It said in a statement: “We have amended our travel advice to recommend against all but essential travel to Italy. The safety of British nationals is always our number one priority.
“The advice is that anyone who arrives from Italy subsequent to the Italian government decision should now self-isolate for 14 days.”
Italy had initially imposed a quarantine on Sunday on northern regions that are home to 16 million people, where the outbreak began. On Monday evening the PM extended those restrictions on travel and public gatherings to the whole country.
Hundreds of British tourists were scrambling to get home from the north of the country on Monday – a situation that is expected to worsen now that the whole country is locked down.
Despite travel restrictions for Italians, planes continued to fly passengers between the country’s locked-down region and the UK.
The Foreign Office (FCO) is under pressure from the public and the travel industry to change its advice on Italy from advising against “all but essential” travel – creating ambiguity around whether insurers would pay out on cancelled trips – to bringing in a total ban.

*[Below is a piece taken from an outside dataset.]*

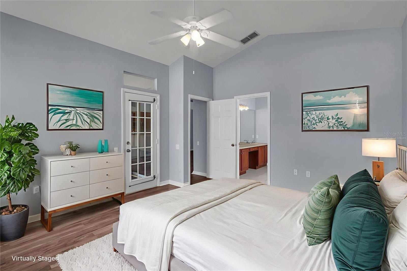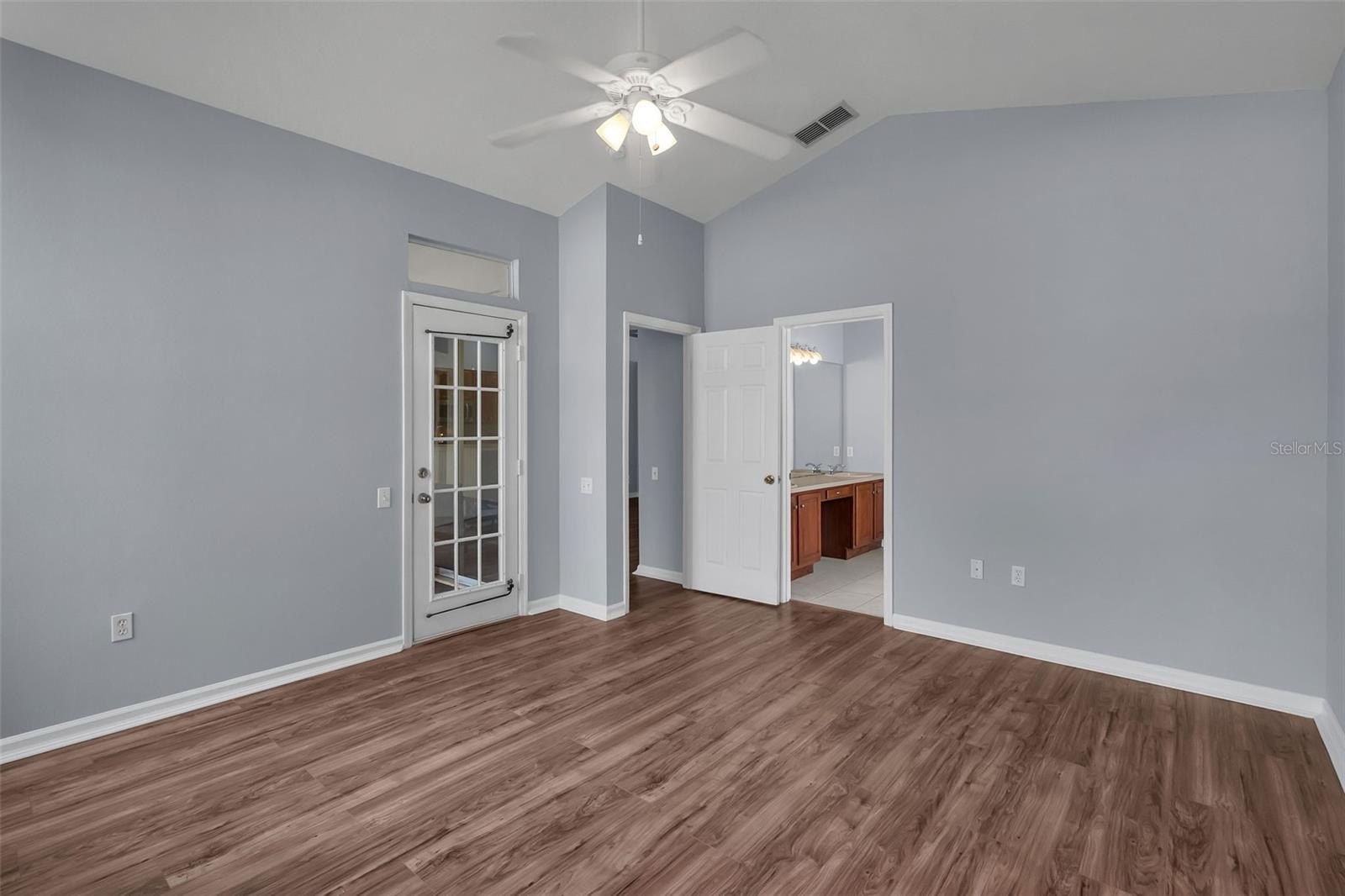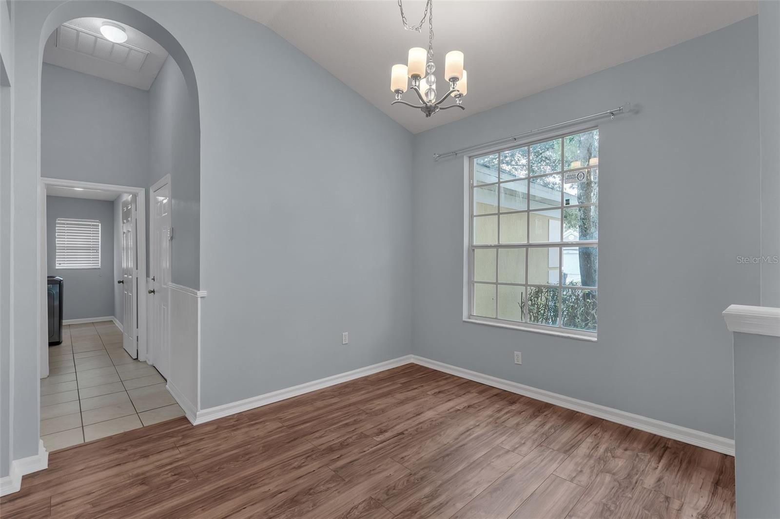 A formal living and dining area welcomes you at the foyer. The updated kitchen is ideal for cooking and entertaining, featuring ample counter space and newer appliances. The kitchen and breakfast nook open to a spacious family room with high ceilings, creating an inviting setting for gatherings. Both the sliding glass doors and breakfast nook french doors extend your living space to a gorgeous screened-in lanai, perfect for relaxing or entertaining.

During a press conference on Monday, Sir Patrick Vallance, the chief scientific adviser, defended a lack of screening for those newly arrived in Britain from northern Italy, saying that “temperature screening in an airport doesn’t really have much effect”.

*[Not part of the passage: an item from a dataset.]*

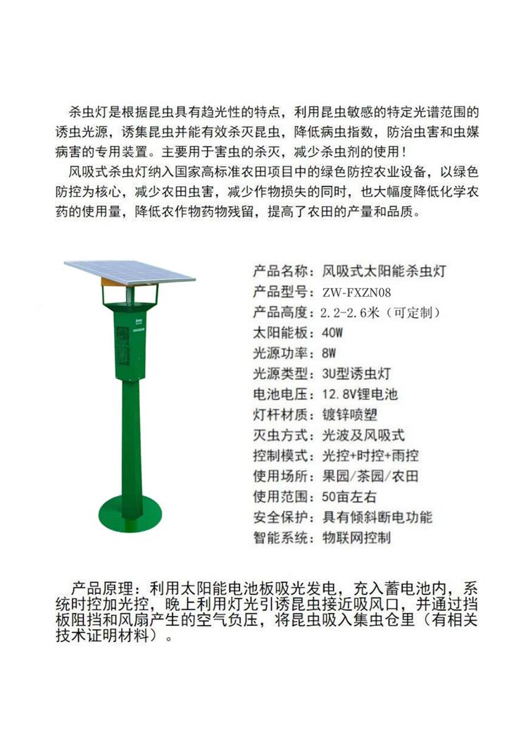 产品名称 | 风吸式太阳能杀虫灯 | ||

At Manchester airport, posters instructed new arrivals to self-isolate if they flew in from the locked-down region, but there were no checks, said Seana Corr, 27, from Wirral, after disembarking from a flight from Milan.
Corr described Milan as a place where “everything has been cancelled”, adding: “There are no social gatherings any more. It’s all closed down … The streets are empty, people are out of work, the shops are empty because people have started stockpiling. Bars and restaurants are closed. There are no guards on the streets and children are playing out in the streets because they are not in school.”

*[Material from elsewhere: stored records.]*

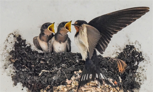 Mother swallow feeds its babies in a nest under the eaves in Nanning, South China’s Guangxi Zhuang Autonomous ...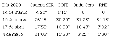 El tiempo dedicado, incluso en los dos días críticos, es muy poco en comparación con el total de horas analizadas, llegando en el mejor de los casos al 1,32% en la cadena SER.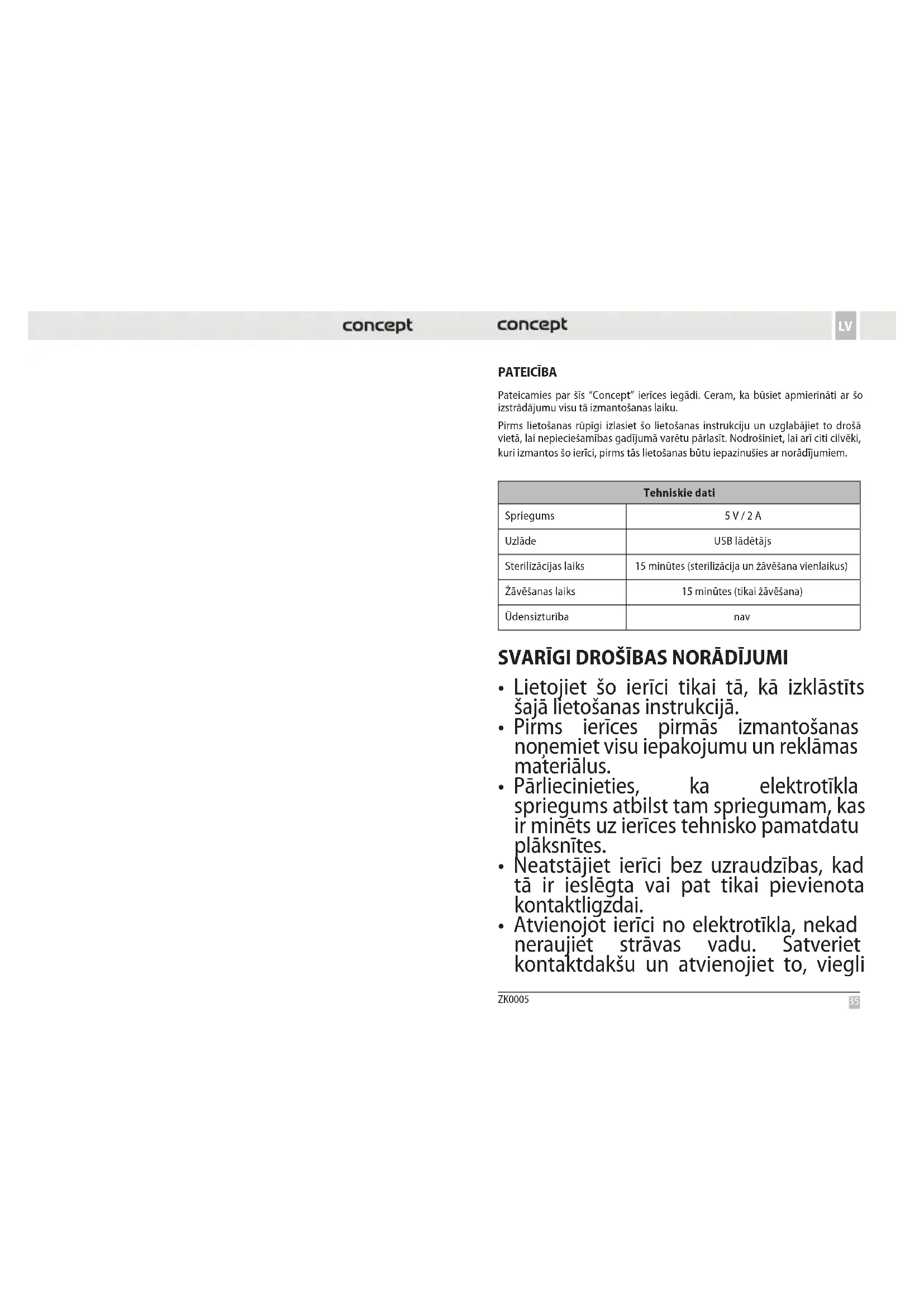 PATEICĪBA Pateicamies par šīs “Concept” ierīces iegādi. Ceram, ka būsiet apmierināti ar šo izstrādājumu visu tā izmantošanas laiku. Pirms lietošanas rūpīgi izlasiet šo lietošanas instrukciju un uzglabājiet to drošā vietā, lai nepieciešamības gadījumā varētu pārlasīt. Nodrošiniet, lai arī citi cilvēki, kuri izmantos šo ierīci, pirms tās lietošanas būtu iepazinušies ar norādījumiem. Tehniskie dati Spriegums 5V / 2A Uzlāde USB lādētājs Sterilizācijas laiks 15minūtes (sterilizācija un žāvēšana vienlaikus) Žāvēšanas laiks 15minūtes (tikai žāvēšana) Ūdensizturība nav SVARĪGI DROŠĪBAS NORĀDĪJUMI

Tour operators Inghams and Crystal Ski both said they were working to bring all their customers home from ski resorts in northern Italy, where authorities announced that ski lifts had either been closed or were due to shut on Tuesday.
The planned airlift involves a combination of charter flights and scheduled flights, and came as British Airways, Ryanair and easyJet cut the number of flights they operate to and from northern Italy after the lockdown of selected northern provinces.
Inghams – which brought back hotel guests from the locked-down “red zone” of Lombardy on Sunday – said more than 600 customers would be brought home over the next 48 hours. They include guests from areas that had not been locked down, such as in the Aosta Valley ski region, where lifts closed on Sunday. Inghams was also contacting guests in the Dolomites ahead of lift closures on Tuesday.
Angela Hall from Portsmouth, a customer of Crystal Ski, arrived in the Dolomites on Sunday, hours before she heard that authorities would be closing ski lifts.
“I had seen on the news before we departed that there was a lockdown in a different region and called Crystal before leaving the UK but they said everything was fine,” she told the Guardian from an airport-bound coach with others on Monday.
While she was critical of Crystal Ski for not being as informative as she would have liked, other customers were much angrier at the company, which is owned by TUI.
One group said two couples in their number had been contacted on Friday by Inghams to say the company had drawn on Public Health England advice to decide it was no longer safe to bring them to the resort of Selva and would be issuing full refunds.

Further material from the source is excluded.